I let out a sigh. This was the part that confounded me. They never understood—the ones who had been horrendous and brutal. They never understood the nature of cause and effect—that actions brought consequences. How they couldn’t see this escaped me, but then again, if I had no conscience, perhaps I wouldn’t understand it either.
“Gerald Hanson, you sealed your destiny by your actions. The Hags of Fate have made their decree. The Harvestmen have agreed. Prepare to face the darkness of the abyss. ”
I closed my eyes, summoning the karmic fire. A purple flame washed over us, raging through his soul, crackling through the mist and fog to electrify his energy. A wisp of ash flew up from his aura, and then another, and then—with a loud chatter of static, the flames raced through his spirit, reducing it to harmless dust. Another moment, and Gerald Hanson ceased to exist, forever obliterated. His soul had been consigned to the final death. Only a fine layer of ash remained poised for a second, then it, too, blew away into the night.
I watched the astral wind sweep away the remnants of everything Gerald had ever been, throughout all of his lives, all of his cycles. The only thing left was a harmless, benign energy. No trace remained of the person he’d been, no sign of the lives he’d lived. And then, with a final, silent whoosh, the lingering energy spiraled up and then returned to the central pool from which all things sprang.
As always, I felt oddly hollow, like a reed in the wind, bending but not breaking. Mournful, plaintive, but accepting of my place in this world.
I closed my eyes, willing Gerald’s memories to fade, although I knew I would never be able to forget them. Death Maidens never forgot any of their kills, Greta told me, even when they numbered into the thousands. Everyone we took out remained as part of our own memories.
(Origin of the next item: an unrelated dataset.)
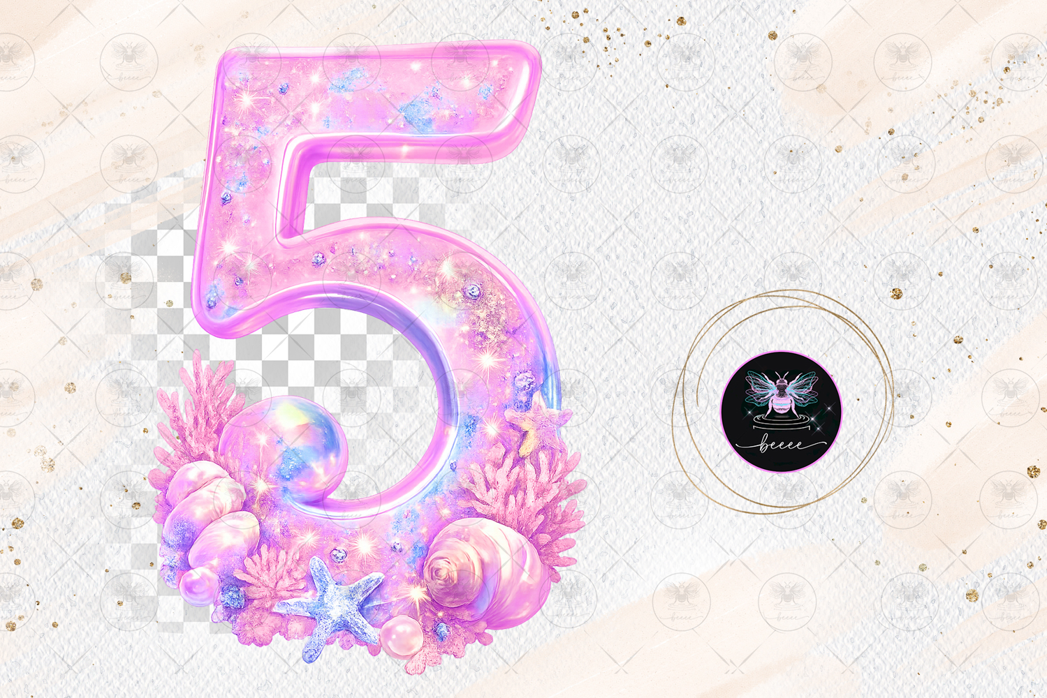 Mermaid clipart number — a whimsical sea-themed numeral illustration featuring a cute mermaid design, perfect for birthday decorations, nursery prints, party invitations, classroom materials, scrapbooking, and creative digital projects. PNG file transparent background

We were historians, of a sort.
While his thoughts didn’t make much sense to me at this point, I knew there was some reason the Autumn Lord had commanded me to be Gerald’s doom. I wasn’t sure what it was yet, but I had the uneasy feeling that, soon enough, I’d find out.
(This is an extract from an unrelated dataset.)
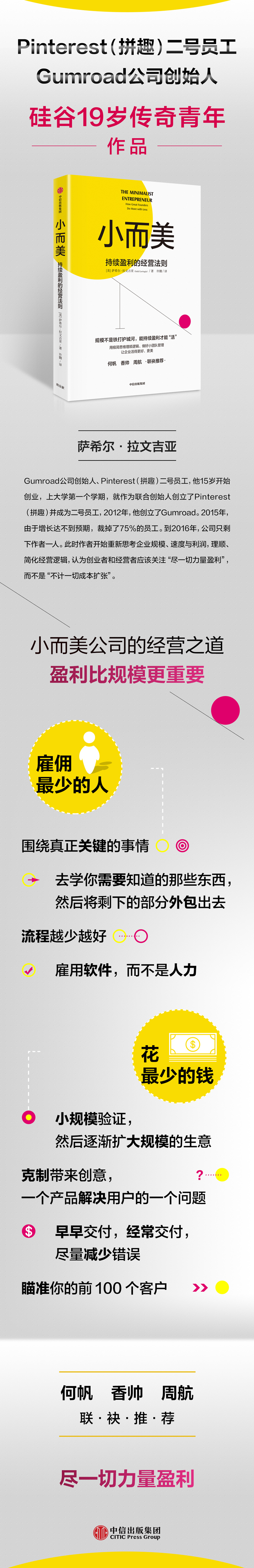 萨希尔•拉文吉亚有着颇为传奇的创业经历:15岁开始创业,上大学一个学期,就作为联合创始人创立了Pinterest(拼趣)并成为二号员工,而后放弃手上期权,开始了他的追逐独角兽之旅。2012年,他创立了Gumroad。2015 年,由于增长达不到预期,裁掉了 75% 的员工,只剩下 5 位核心员工。到 2016 年,公司只剩下作者一人。此时作者开始重新思考企业规模、速度与利润,理顺、简化经营逻辑,提出极简创业经营理念,认为创业者和经营者应该关注“尽一切力量盈利”,而不是不计一切成本扩张,专注解决客户问题,把自己热爱的、世界需要的与能赚钱的和擅长的结合起来,创造持续盈利这一企业生存的要条件。后在作者的经营下,Gumroad“起死回生”,实现超线性增长,重新为投资界所青睐,但作者却改变了思路,不再追求成为独角兽,而专注于企业的持续增长能力。

For now, I was stick-a-fork-in-me done. Turning my back on the ever-present mist and fog of this realm, I leaped back to where Greta waited. I hoped to hell we were done for the night.
• • •
Greta slipped her arm through mine as we journeyed back to Haseofon, the abode of the Death Maidens. She was so much shorter than me that it gave us a Mutt-and-Jeff look, but there, any resemblance ceased.
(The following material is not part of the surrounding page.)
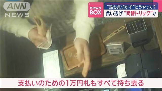 食い逃げ“両替トリック”か “誰も気づかず”どうやって?(テレビ朝日系(ANN)) - Yahoo!ニュース誰も気が付かない“食い逃げ”でした。使われたのは“両替トリック”。その瞬間が映っていました。 ■“誰も気づかず”どうやって? 極味や赤坂店 上原昌也店長 「気付かれない感じでやられた」 被害news.yahoo.co.jp - 2 : 2025/05/06(火) 14:22:47.824 ID:hVNpEktHD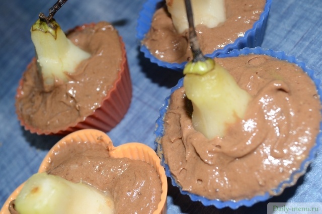 груша, мука пшеничная , масло сливочное 72%, яйцо куриное, горький шоколад, масло подсолнечное, сахар-песок, корица, разрыхлитель теста

“You did very well. You’ve adapted quickly. ” She smiled up at me and I felt a tinge of pride. “Next time, I won’t need to go with you. You’re graduating, Delilah, although I’ll always be here if you need me. ”
“I’ve tried. ” I pressed my lips together.
“You’ve done better than I hoped you would, and you’ve learned quickly. I’m proud of you. ”
At first, I’d freaked out when I realized that I’d been conscripted into the Autumn Lord’s rule as one of his Death Maidens. But over the past couple of years my naïveté had slipped away little by little. Oh, I’d stubbornly clung to my eternal optimism, to the little girl/kitty cat who didn’t want to grow up. But when Shade, my fiancé, had come into the picture, things began to shift. Half shadow dragon, half Stradolan—shadow walker—Shade existed in the realms of spirits and ghosts. Through being with him, I’d finally grown used to the energy.
And over the past few months, I’d decided to embrace the woman I was becoming, rather than long for the woman I’d been.
Truth was: I felt proud to be pledged to the Autumn Lord. I was his only living Death Maiden, and I was destined to bear his child one day, through Shade as the proxy father. I could never again be the Delilah who first came over from Otherworld. And that was okay. I didn’t have to give up believing in people, I didn’t have to give up simple joys and happiness or Cheetos or my undying fan-girl love of Jerry Springer.
Instead, I fell into a comfortable balance.
“Are we done for the night?” I glanced at the cityscape that unfolded in front of us. Though we were traveling on the astral, we were close to my own world—the streets of Seattle. Both realms were superimposed on one another. I’d gotten used to that, too, and could see them both when I didn’t get too caught up in trying to figure out the logic of it.